Rob, the host of Podcast411, says:

A patent troll is out to kill off podcasting, or at a minimum critically wound it. This troll does have a patent on the whole podcasting process, despite the fact they have not contributed one line of code to the process or even a single idea used in podcasting. But they have a patent and they are going to suck as much money from podcasters as possible.

That they were granted this patent in February 2012 just goes to show how broken the patent system is. They have already started suing podcasters in the Eastern District court of Texas - where all patent trolls go to do their evil deeds. They also started sending out letters to individual podcasters looking to extort license fees. If you listen to podcasts it is likely at some time in the near future one or more of the podcasts you listen to will be hit with one of these extortion letters. There is actually a really good chance one of the podcasts you listen to already has -- four podcasts I listen to on a regular basis already have been sent these letters.

The podcasters that get these letters have 3 options.

1. Ignore the letters and hope for the best.

2. Contact the troll and agree to pay a license fee for the patent (even though the podcasters don't use the technology covered by the patent).

3. Fight the troll in court.

Well actually there is a 4th option -- shut down the podcast and delete all files and hope they go away. But even if podcasters do that the patent trolls could still try to extort money retroactively. But at least podcasters would not be out more money. Sadly many may choose this option.

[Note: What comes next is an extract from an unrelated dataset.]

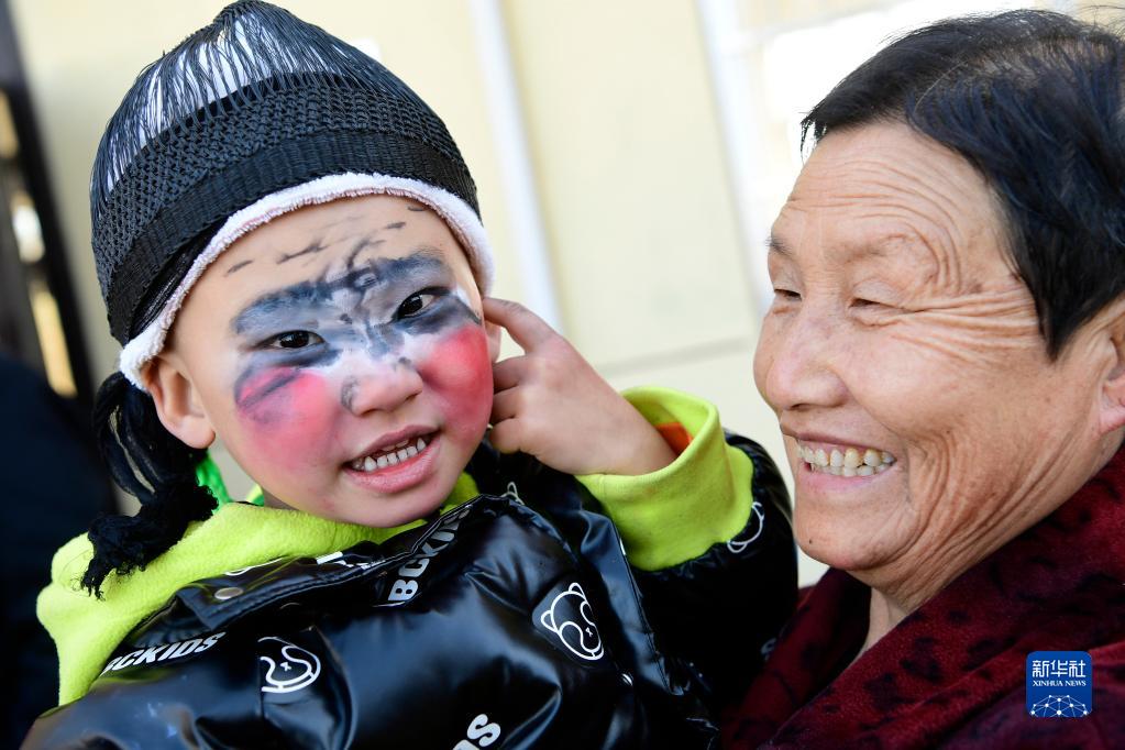 2月19日,西安市臨潼區櫟陽(yáng)街道卷子村參加“背芯子”表演的小朋友向奶奶展示自己的妝扮。

Regarding option 3: If someone does fight the troll and wins - all that means is the winner does not have to pay the license fee to the patent troll. However the "winner" is still out all the lawyers fees they spent to fight a bogus patent.

Thus given the choice of paying around a thousand dollars a year (I have no knowledge of what the patent troll in this case is asking for -- that number is just similar to what some other patent trolls have asked for) or paying over $250,000 or even a $1,000,000 in legal fees -- game theory dictates you choose paying the license fee. The patent trolls know this and that is why their extortion racket works.

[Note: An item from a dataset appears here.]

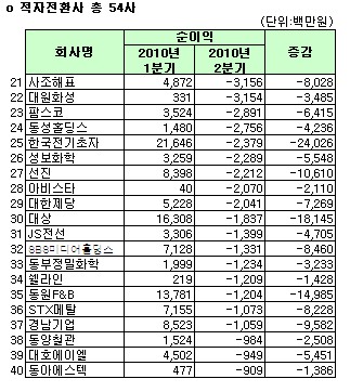[2010상반기실적]2Q 적자전환 상위 21~40위(1Q 대비)

But now there is a real chance to change things. The SHIELD Act (H.R. 845) was just introduced into the House by Congressmen Peter DeFazio (D-OR) and Jason Chaffetz (R-UT). This bill would put the financial liability on the patent rolls if they loose. If the SHIELD Act is passed into law and you fight a patent troll and win -- the patent troll is responsible to pay all of your legal bills.

The EFF is strongly in favor of this bill and has set up a page to help you take action. Once there put in your Zip Code. It will then give you the names and phone numbers of your representatives in Congress and allow you to send an email to them. In addition to sending an email -- what is really important is to call your congressperson's office -- give them your name tell them you are from their district and you want your congressperson to support this bill.

This bill is definitely not a Republican or a Democrat Bill - nor is this a podcasting bill - this is at its heart an anti-patent troll bill. Patent Trolls are attacking Wifi at coffee shops, Scanning documents at small businesses, and now podcasting. They must be stopped and you have a chance right now to help out.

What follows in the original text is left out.